The study was advertised on social media, among students at the Faculty of Health and Sport Sciences at University of Agder, and through word of mouth. The advertisement led potential participants to the study website, which contained a general outline of the study, an invitation to participate, contact information, and a button for enrolment in the study. When signing up for the study, the participants gave their consent to participate and selected one of 11 possible instructional meetings to attend. As participants signed up, an e-mail containing a link to the online FFQ was sent to their e-mail address. The e-mail also contained information about the FFQ, a deadline for completing the FFQ, and information on where to meet for the instructional meeting. If a participant had not completed the FFQ 1 week before their scheduled meeting, a reminder was sent by e-mail.

For the test-retest reproducibility investigation, a link to the FFQ retest version was sent to participants via e-mail on December 13th, 2017, resulting in at least 19 days between test and retest of the FFQ.

Study population

During the recruitment period of approximately 4 weeks, 32 participants signed up. Of these, 29 completed the first FFQ (of which three did not complete the entire FFQ). In the course of 11 instructional meetings 25 participants attended and started their 7-day WFR. Of these 25 participants, 22 completed the WFR (one participant recorded 6 days) and returned their recording booklet.
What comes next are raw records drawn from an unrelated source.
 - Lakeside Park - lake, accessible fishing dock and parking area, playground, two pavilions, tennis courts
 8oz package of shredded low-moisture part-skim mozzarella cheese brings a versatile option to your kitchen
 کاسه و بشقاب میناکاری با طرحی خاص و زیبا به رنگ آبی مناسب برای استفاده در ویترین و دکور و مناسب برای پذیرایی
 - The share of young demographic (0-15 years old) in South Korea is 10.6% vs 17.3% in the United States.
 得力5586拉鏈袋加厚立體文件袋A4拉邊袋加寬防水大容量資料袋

The FFQ retest was completed by 21 of the 22 participants that completed the WFR. A total of 21 participants completed all the components of the study (Fig. 1).

Fig. 1
figure 1

Outline of the study design and numbers participating in each study component. Number of participants (participation rate) in each study component and participants lost. Food frequency questionnaire (FFQ)
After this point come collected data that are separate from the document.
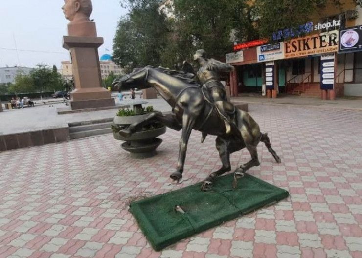 Пьяный мужчина залез на скульптуру в Атырау и повалил ее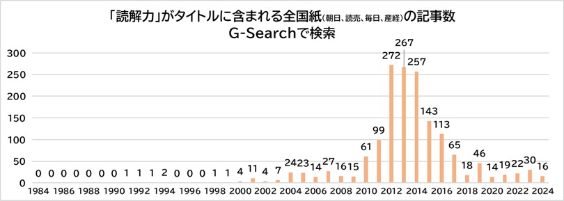「読解力」がタイトルに含まれる全国紙(朝日、読売、毎日、産経)の記事数を新聞・雑誌記事検索サービスG-Searchで調べると、1990年代まではほとんど0~2しかなく、2000年代に入ってから増え始め、2010年代初頭にピークを迎えていたことがわかる。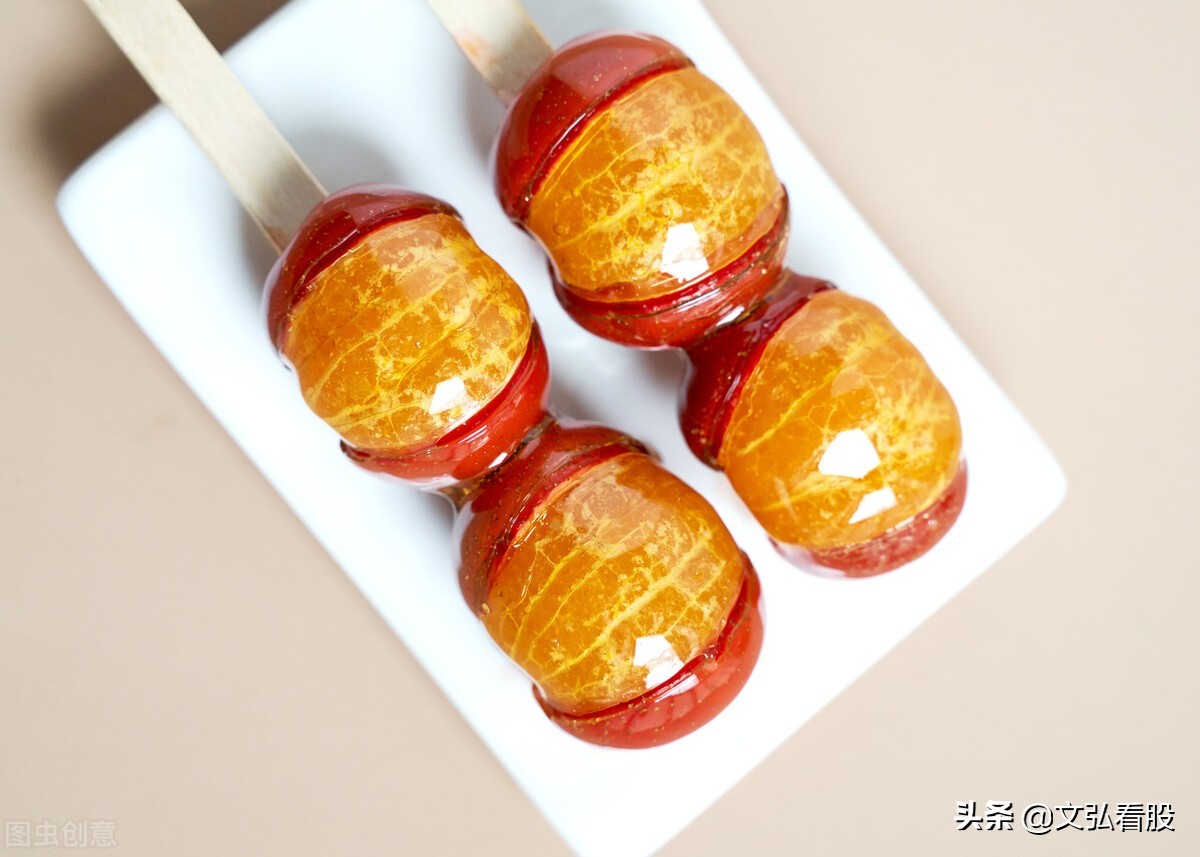 第五,准备一个苹果,将蘸好糖浆的糖葫芦插到上面去。如果你直接放到盘子里,等糖硬化后会沾到盘子上,拿起来比较费劲或者会粘掉很多糖。

The food-frequency questionnaire

The FFQ was developed from an existing FFQ targeting adolescents [14]. In the first stage of development, the original FFQ was sent to five volunteers using a purposive sampling, at which point they completed the FFQ and then answered questions according to an interview guide. Feedback from the volunteers were considered by the authors. The inputs deemed relevant based on our understanding of the age group and development of an FFQ were included in the revision of the questionnaire. In addition, the original questionnaire was revised in accordance to input from the authors and expert colleagues at the faculty. In the second stage of development, the revised version of the FFQ was sent to two new volunteers, using purposive sampling. The participants were interviewed in accordance with the interview guide upon completion of the FFQ. Based on their feedback the final version of the FFQ was created, using the online survey tool SurveyXact [15]. The food-frequency questionnaire can be found in Additional file 1. The majority of the food items in the original FFQ were included in the revised version. Some food items were excluded (food items not found relevant by the participants during the development, food items targeting children, i.e. specific sweetened breakfast cereals), and some food items were added (i.e. low- and full fat options, a wider range of condiments). Changes to frequency of intake were based on some participants requesting a greater degree of variation in order to reflect their dietary intake (i.e. adding ‘more than 3 cups per day’ for coffee).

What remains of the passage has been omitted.